The Meaning of Life?
The Meaning of Life?
They say that you can take the boy out of the farm but you can’t take the farm out of the boy. So, if you’re like me, in the Spring Time your mind and body turns to the out-of-doors.
Many of us reared in the forties and fifties who spent a good portion of our youth on ranches and farms, in our adult years, if life has permitted, have become “gentleman” farmers with small spreads of 10 to 20 acres.
There is much to do on a farm: irrigation ditches to be cleaned, branches pruned by snow and wind gathered and burned, earth to be plowed and harrowed, sowing seeds and planting tomato plants – all of which usurps intellectual pursuits like this blog. (I grow the finest heirloom tomatoes in Utah.)

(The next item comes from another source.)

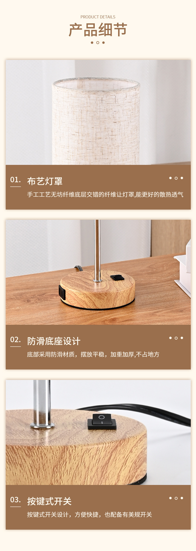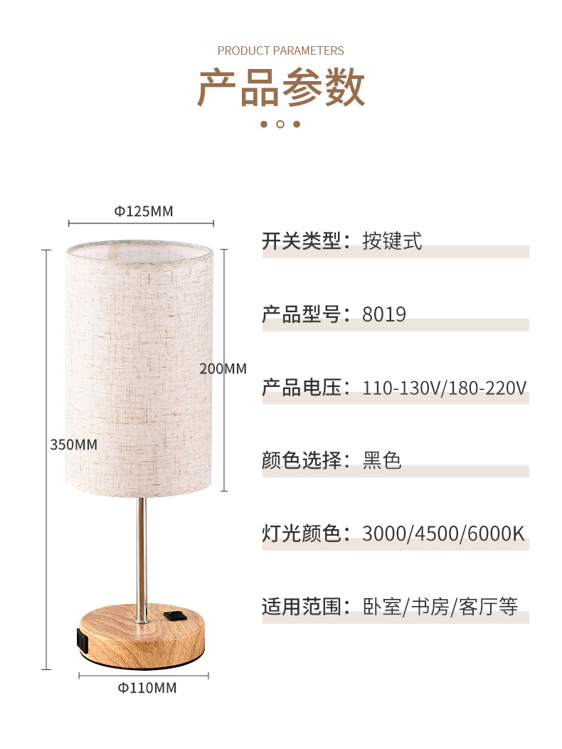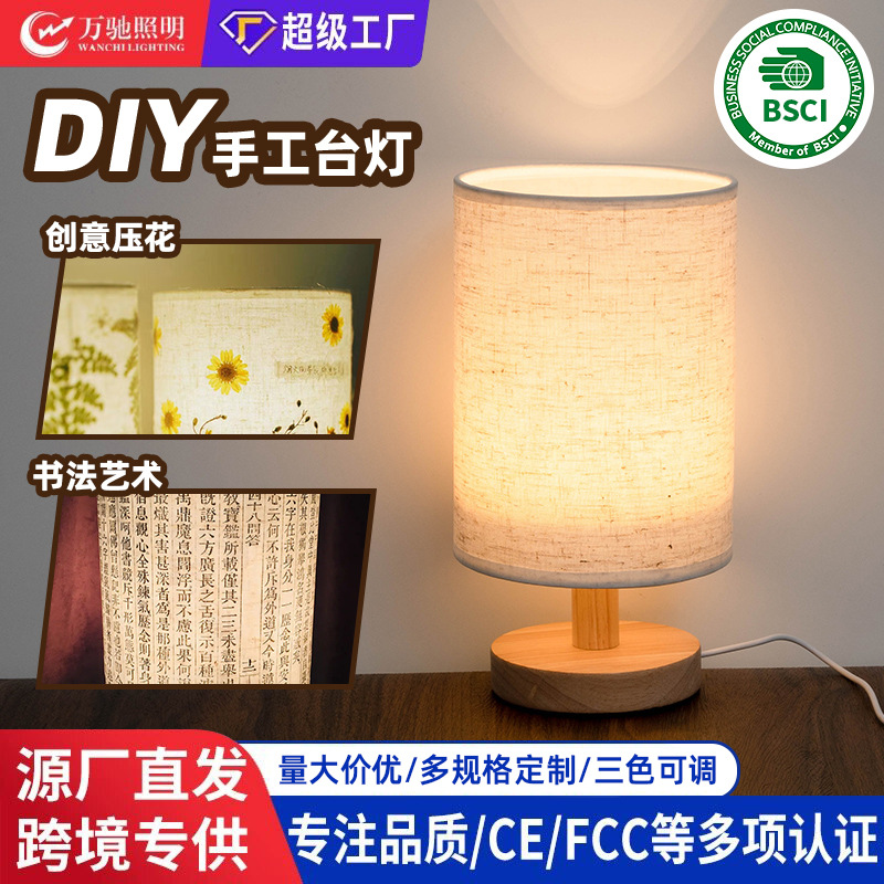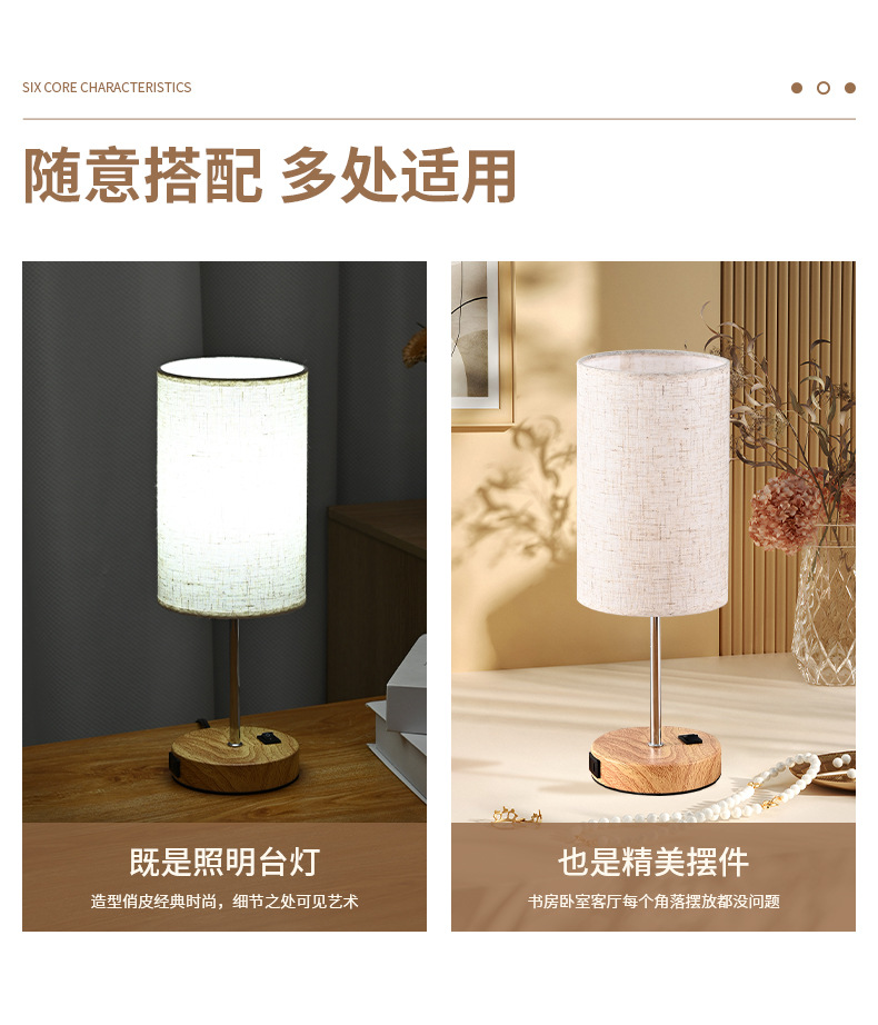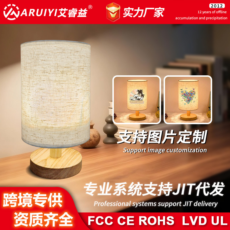 跨境爆款usb实木布艺台灯装饰卧室床头灯书房民宿舍定制led小夜灯

Here in Bluffdale, Spring has been particularly wet and windy while in Texas they are burning up and along the flood plains of the Mississippi the water is waist deep. In Washington State where under ordinary years, by now they are picking peas and strawberries, I’m told it has been so wet they haven’t been able to plant.
According to the weatherman, and from the looks of the black and gray Cumulus glutted sky, they are going to be hanging around Utah for the next three days. That means more rain (sorry Texas) and should give me time to work on an essay inspired by one of my favorite authors, Will Durrant, on “the meaning of life.” I hope to have it completed by this weekend.